=== The problem ===
Retype every line from the one containing "De Amazfit T-Rex" through the last line of the records below, both included; leave out the pictures.
[[ Material provided, beginning ]]
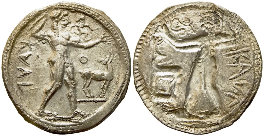 KAVΛ (retrograde), full-length figure of nude Apollo advancing right, torso turned facing, olive branch in raised right hand, small winged figure (daemon) atop extended left arm, running right and holding branch in each hand; O above stag standing right in right field, head reverted, dotted border on raised rim, Rv. Incuse of obverse, reversed, with ethnic and raised olive branch in relief in right hand; guilloche border on incuse band. HN Italy 2035. Good extremely fine.
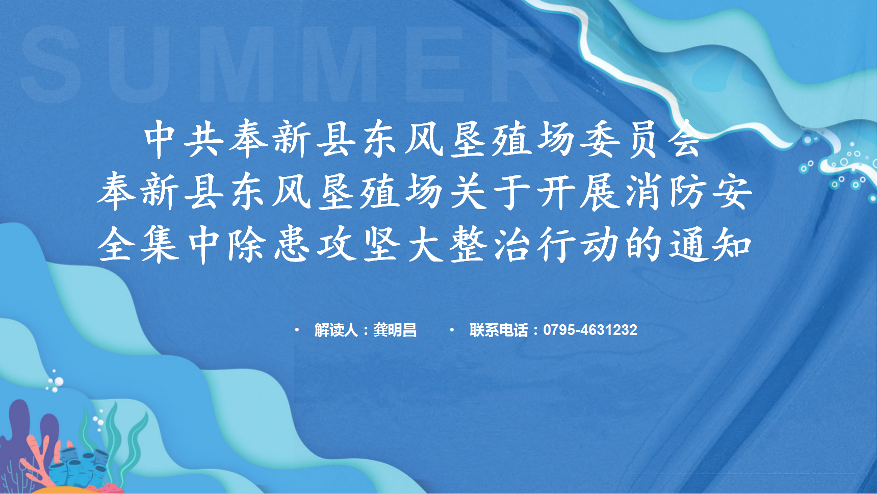 【圖文解讀】中共奉新縣東風墾殖場委員會 奉新縣東風墾殖場關(guān)于開展消防安全集中除患攻堅大整治行動的通知
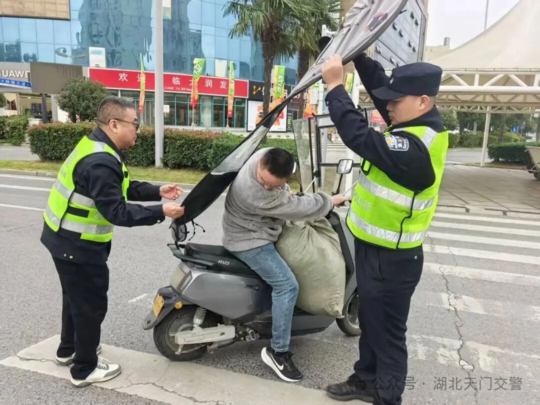 违法行为:未佩戴安全头盔、加装遮阳篷
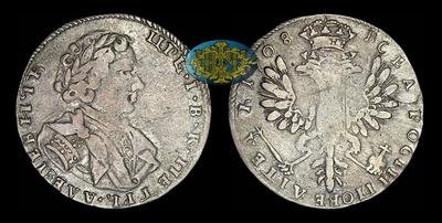 Тинф 1708 года, без букв Красный монетный двор. Малая голова. Трилистник после "ЦРЬ" в легенде аверса.
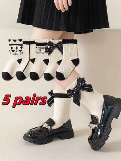 5 双女童蕾丝边蝴蝶装饰公主薄款中筒袜,适合聚会 - 彩色 - 查看 10
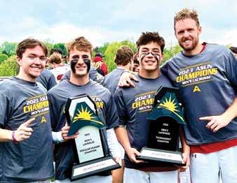 University of Utah Lacrosse teammates, Seamus McCarthy ’22, Conor O’Neill ’21, Trey Akabane ’21, and Zach Chandler ’17 celebrated after winning the ASUN Championship in May 2023.
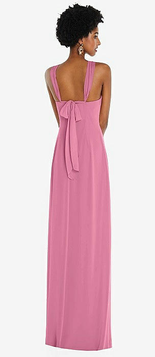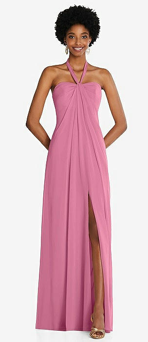 Draped Chiffon Grecian Column Gown with Convertible Straps in orchid pink
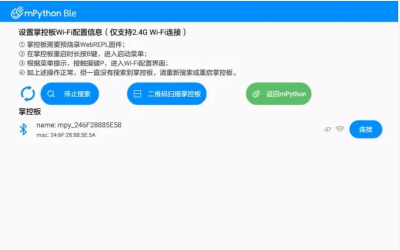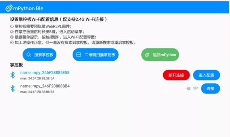 搜索掌控板按钮→搜索出附近所有进入wi-fi配置的掌控板;
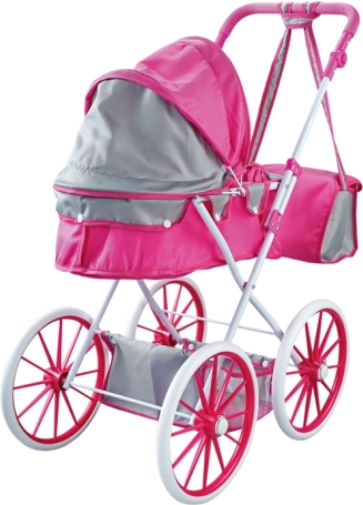 Стилна розова количка за кукли с здрава метална конструкция, идеална за ежедневна игра у дома и навън. Големите пянови колела осигуряват плавно движение по различни повърхности, сгъваемият сенник предпазва куклата, а практичната чанта и долната кошница предлагат достатъчно място за аксесоари. Отговаря на стандартите CE и EN71, подходяща за деца от 3 години.
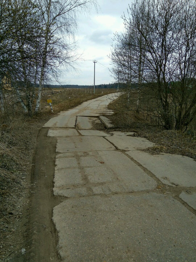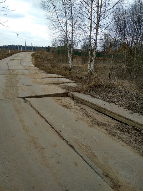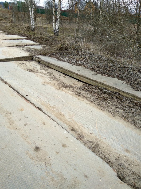 Покрытие дорожными плитами. Часть плит подмыло ручьем и одна плита сильно просела. По этой дороге люди возят детей в школу и дет.сад, ездят на работу, т.к. автобусного сообщения нет. Если так и оставить, плита под чьим нибудь автомобилем провалится совсем. Аварийно опасный участок.
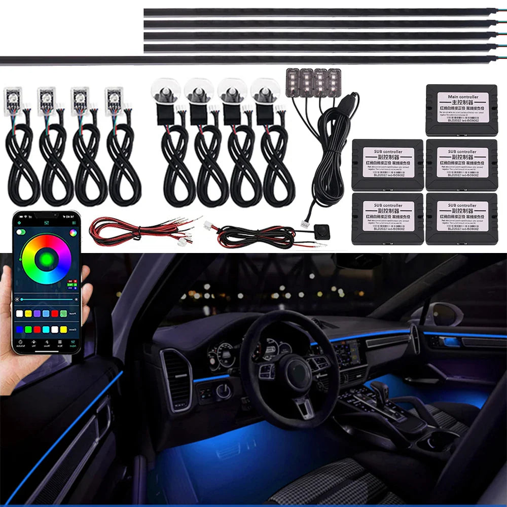 18 In 1 Car LED Ambient Light Interior Lighting RGB Neon Acrylic Strip Backlight Accessories For Auto Decoration Atmosphere Lamp
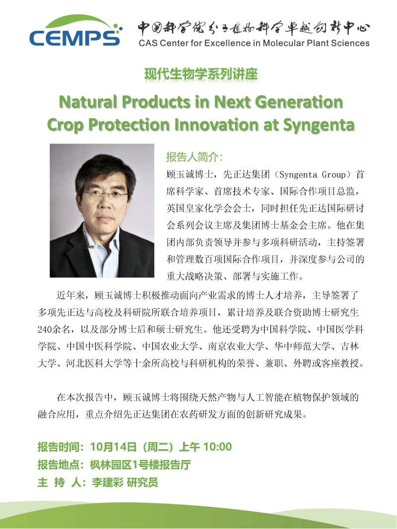 现代生物学系列讲座--Natural Products in Next Generation Crop Protection Innovation at Syngenta
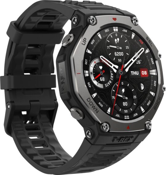 De Amazfit T-Rex 3 in zwart is dé gadget voor iedereen die houdt van actie en avontuur. Met zijn robuuste design en militaire certificering overleeft dit horloge de heftigste omstandigheden, of je nu gaat klimmen, hardlopen of gewoon een drukke dag hebt.
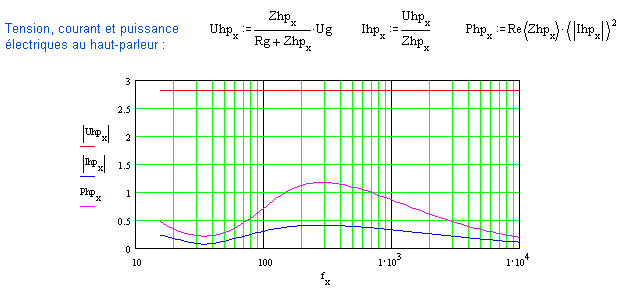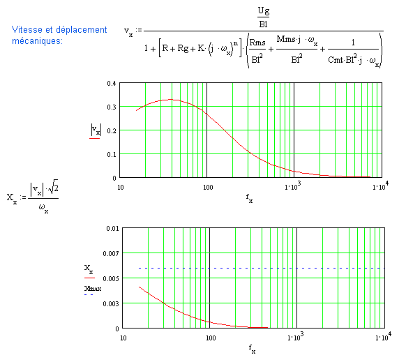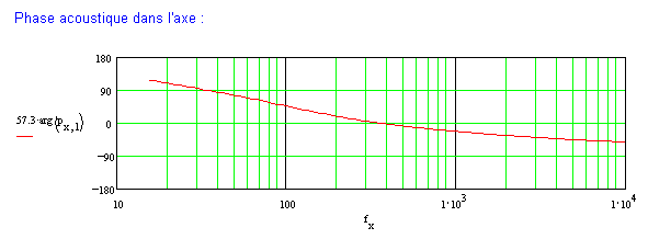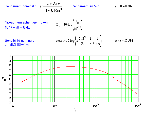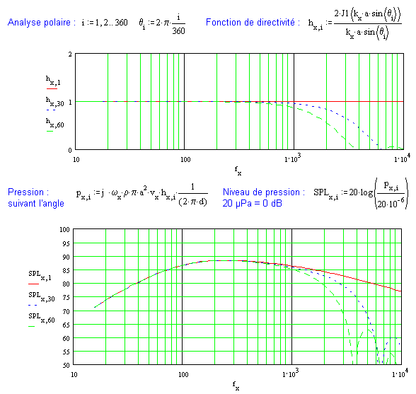 Ci-dessous une mise en formules qui permet un calcul de la réponse dans l'axe. Seul l'effet inductif considéré à la bobine mobile freine les aigus à partir du piston "parfait" (une self de 0mH donne une réponse axiale sans pente dans le haut du spectre). A 30° puis à 60°, on vérifie bien la chute en énergie.
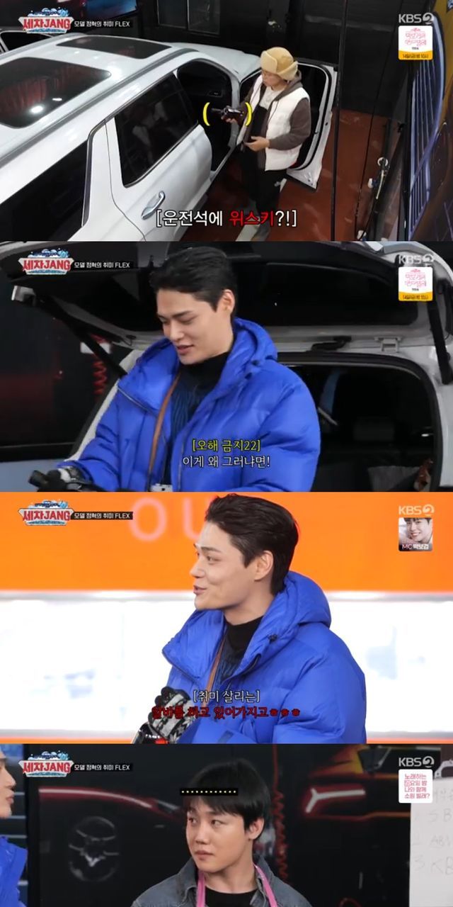 이어 차 내부를 살피던 장성규는 운전석 옆에 꽂혀있는 위스키 병을 살피며 "얘 큰일이다. 운전석에 위스키 있다"고 폭로했다.
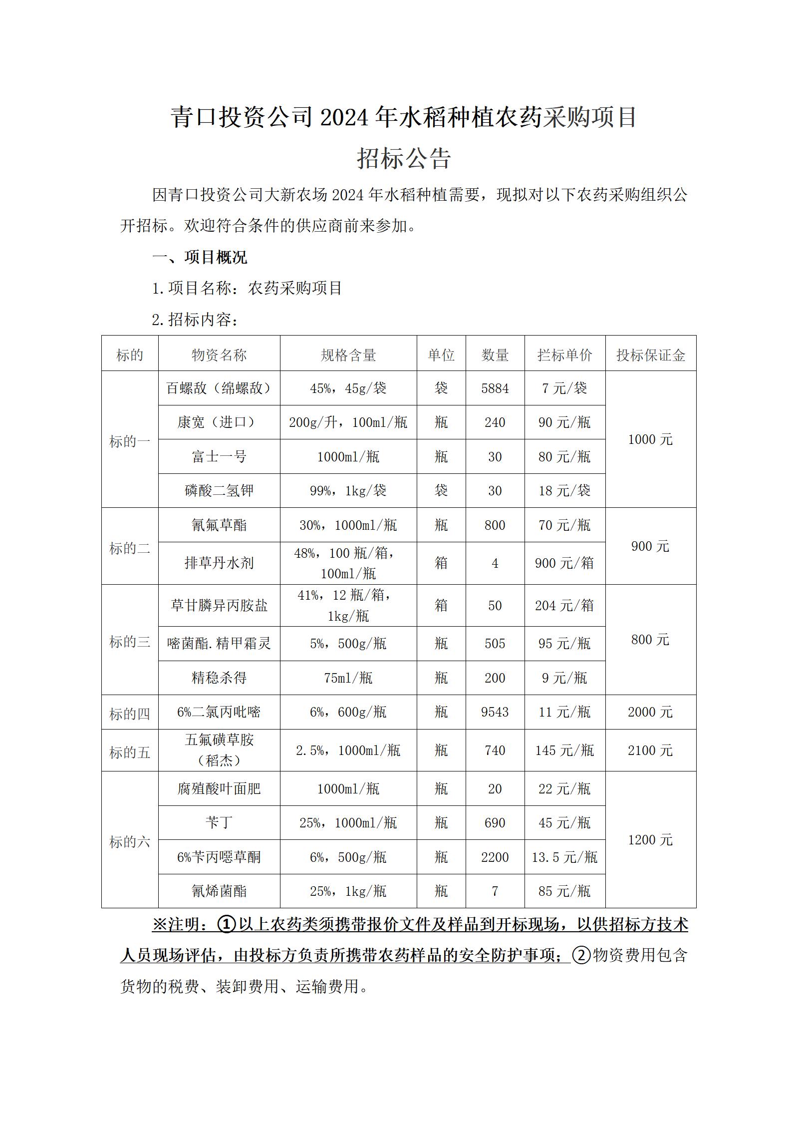 青口投資公司2024年水稻種植農(nóng)藥采購項(xiàng)目 招標(biāo)公告
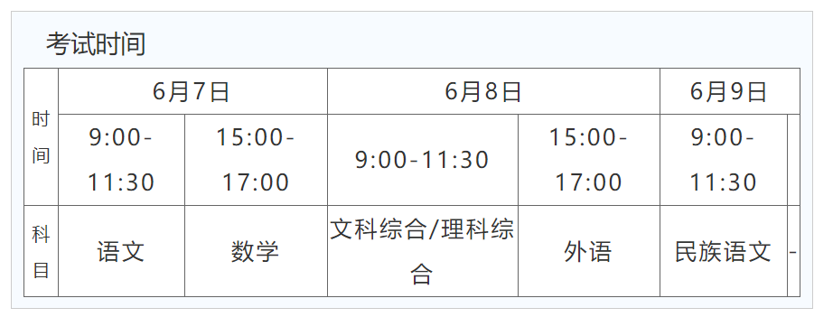 “普通类”和“单列类”招生计划考试科目为:语文、数学(文史类/理工类)、外语、文科综合/理科综合。除外语科目,均使用国家通用语言试卷并使用国家通用语言文字答卷。其中,外语科目分英语、俄语、日语、法语、德语、西班牙语等六个语种,由考生任选一种,外语科目不组织口试。外语科目笔试部分120分,听力部分30分。外语听力部分为必考内容,其成绩不计入考生高考外语科目成绩总分,按考生听力考试实际得分计入听力单项成绩,提供给高校,录取时是否做参考由高校决定。笔试部分的120分调整为150分,调整换算办法:按考生笔试部分的卷面成绩乘以1.25,换算为外语科目成绩。
[[ Material provided, end ]]
=== Task output ===
 De Amazfit T-Rex 3 in zwart is dé gadget voor iedereen die houdt van actie en avontuur. Met zijn robuuste design en militaire certificering overleeft dit horloge de heftigste omstandigheden, of je nu gaat klimmen, hardlopen of gewoon een drukke dag hebt.
 Ci-dessous une mise en formules qui permet un calcul de la réponse dans l'axe. Seul l'effet inductif considéré à la bobine mobile freine les aigus à partir du piston "parfait" (une self de 0mH donne une réponse axiale sans pente dans le haut du spectre). A 30° puis à 60°, on vérifie bien la chute en énergie.
 이어 차 내부를 살피던 장성규는 운전석 옆에 꽂혀있는 위스키 병을 살피며 "얘 큰일이다. 운전석에 위스키 있다"고 폭로했다.
 青口投資公司2024年水稻種植農(nóng)藥采購項(xiàng)目 招標(biāo)公告
 “普通类”和“单列类”招生计划考试科目为:语文、数学(文史类/理工类)、外语、文科综合/理科综合。除外语科目,均使用国家通用语言试卷并使用国家通用语言文字答卷。其中,外语科目分英语、俄语、日语、法语、德语、西班牙语等六个语种,由考生任选一种,外语科目不组织口试。外语科目笔试部分120分,听力部分30分。外语听力部分为必考内容,其成绩不计入考生高考外语科目成绩总分,按考生听力考试实际得分计入听力单项成绩,提供给高校,录取时是否做参考由高校决定。笔试部分的120分调整为150分,调整换算办法:按考生笔试部分的卷面成绩乘以1.25,换算为外语科目成绩。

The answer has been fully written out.